Seriously, who is going to guess banana12 right?
With FREE software available on the internet, you can boot up to a CD and browse files, or even change the administrators password on your laptop. Then all of your sensitive information becomes their sensitive information which they will use to take you for everything you are worth (It’s called Identity Theft, look into it).
Well, the bad guys can’t get to your information if you take stronger precautions to secure your data. One of the best ways you can do that is with full hard drive encryption.

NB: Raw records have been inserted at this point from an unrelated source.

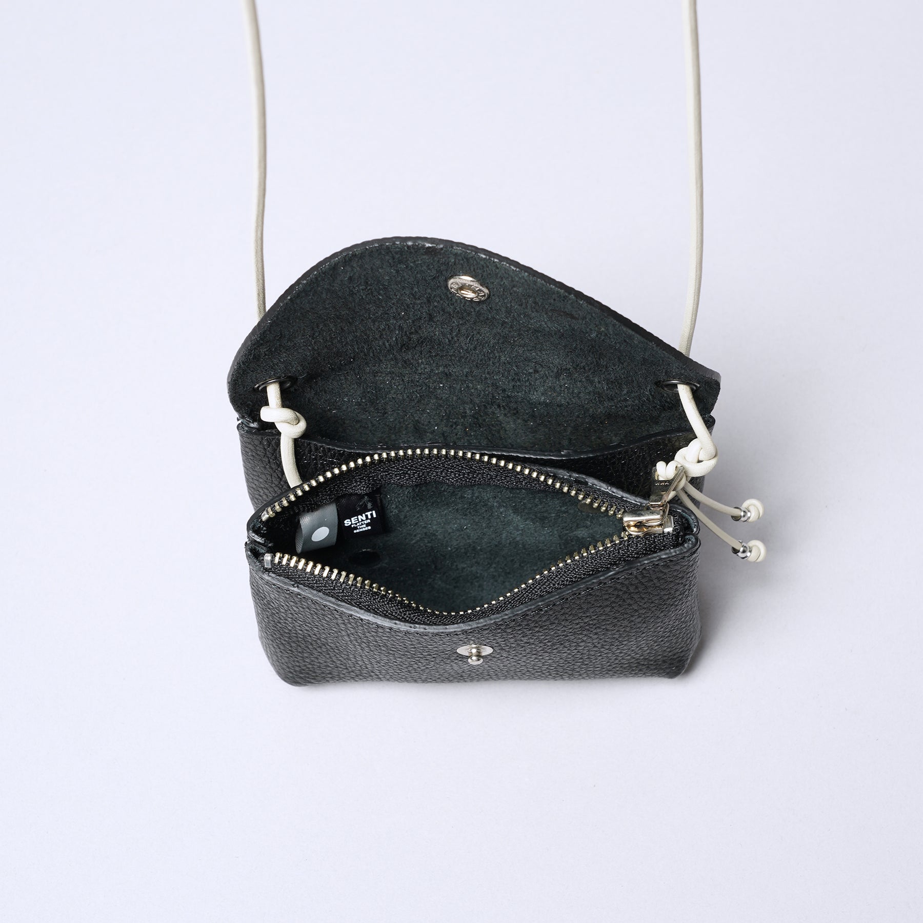 <センティ フラター ザ センシーズ>シュリンクレザーネックウォレット/アイボリー×ブラック
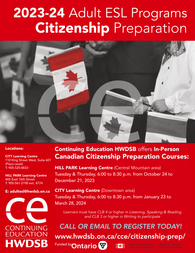 HWDSB is offering Citizenship Preparation classes on Tuesday and Thursday nights from 6:00 to 8:30 at Hill Park Learning Centre (Central Mountain).
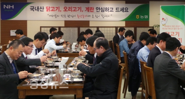농협 충남지역본부(본부장 유찬형)는 고병원성 조류인플루엔자(AI) 확산으로 어려움을 겪고 있는 양계농가를 돕기 위해 23일 충남농협 구내식당에서 삼계탕 시식행사를 실시하였다.
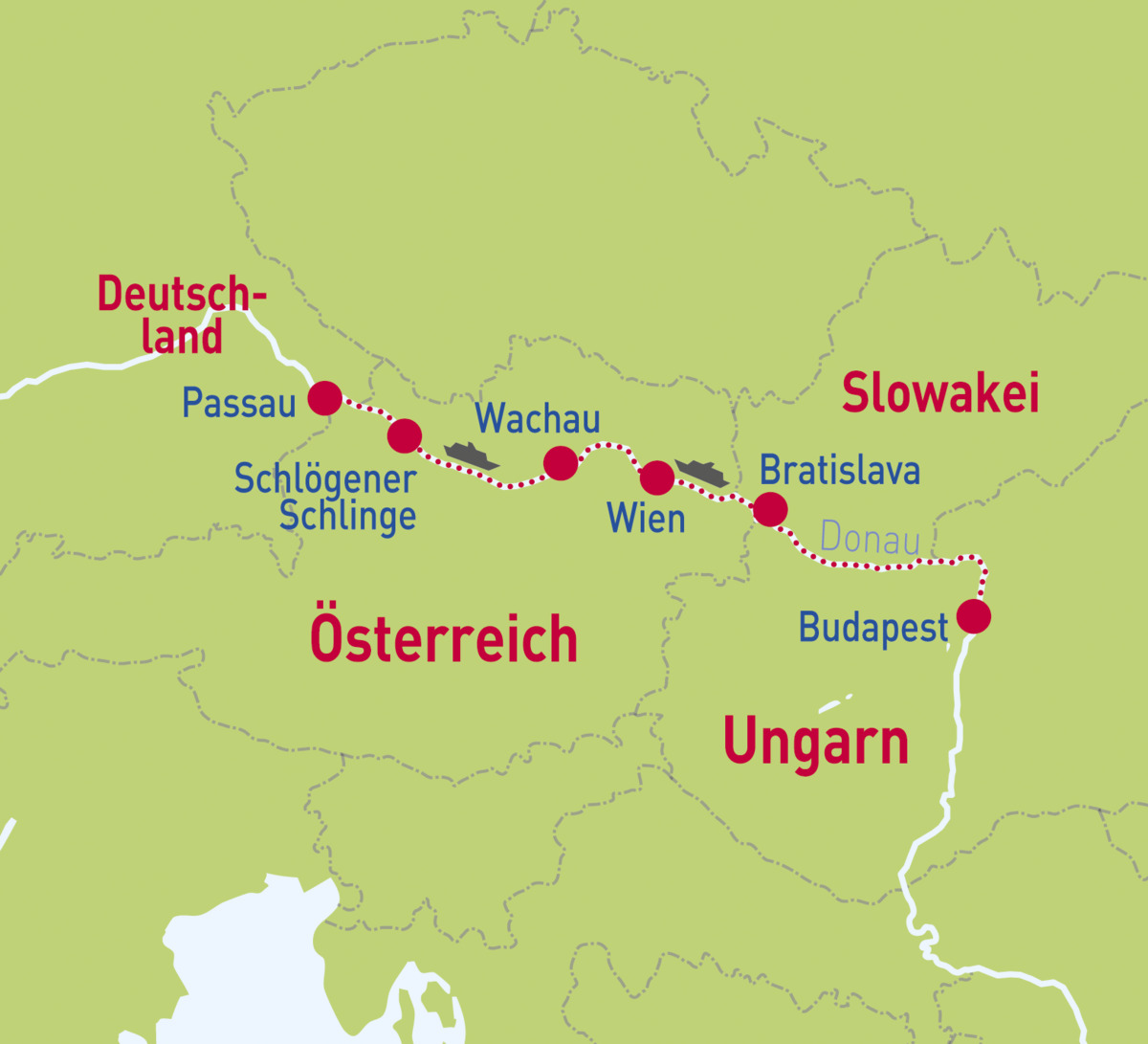 Passau – Wien – Budapest – Bratislava – Wachau – Passau
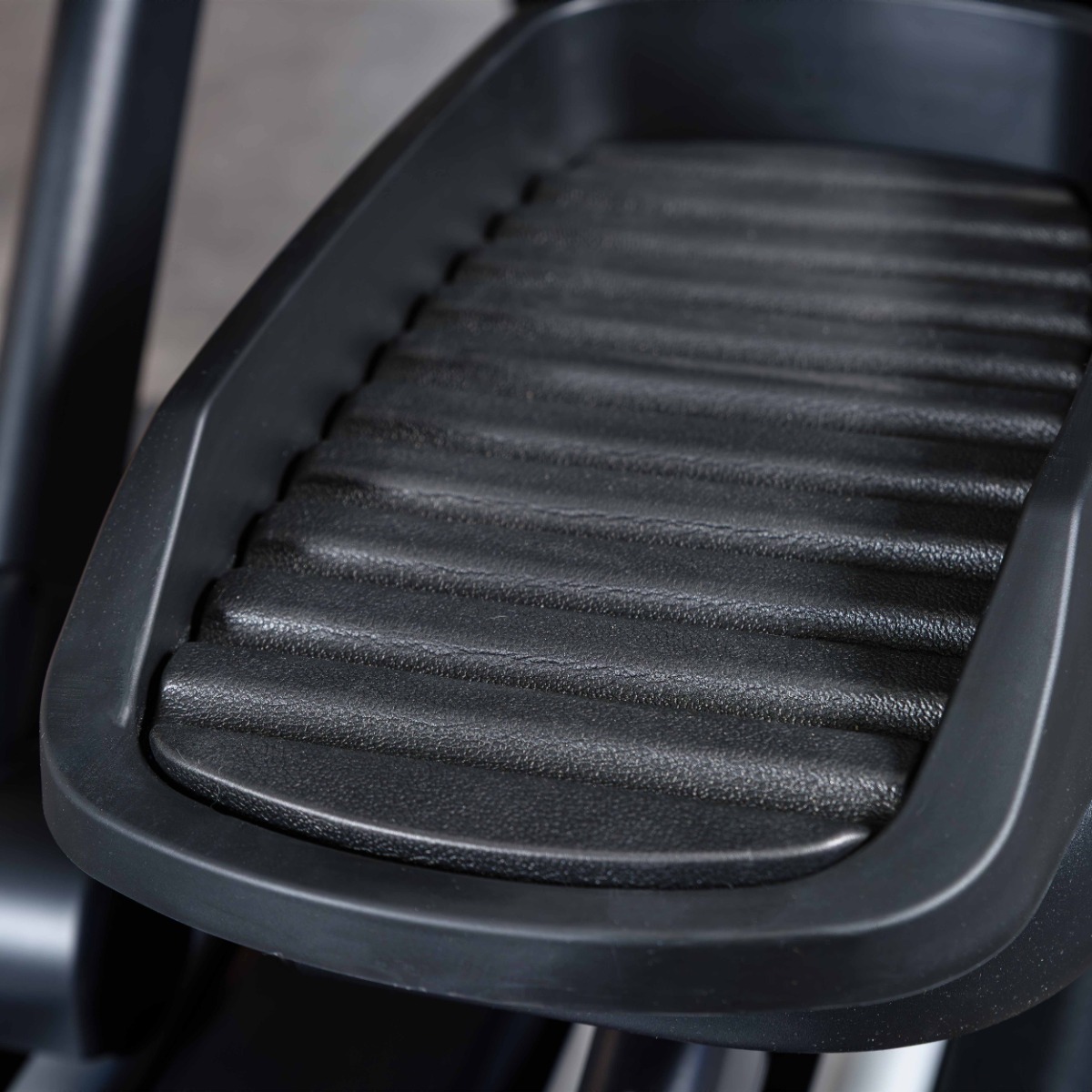 Полноразмерные педали тренажера длиной 370 мм, шириной 185 мм оснащена рифлёными амортизирующими накладками из ЭВА для исключения соскальзывания стопы и надежной фиксации положения ног при выполнении упражнения.

And lucky for you, I have tested a FREE software that can do it.
CompuSec is a free security suite that among many other things, encrypts your hard drive (including the operating system) using a fast 256bit AES encryption. When the bad guys try to look at your files, all they see is a blank hard drive.
So lets go back to our scenario then, the bad guy got your laptop, but you encrypted it using CompuSec… The joke is on him! Actually, that isn’t true, he now has your $4000 Alienware laptop, but at least he doesn’t have your personal information and you won’t end up on Dateline’s “To Catch an ID Thief.”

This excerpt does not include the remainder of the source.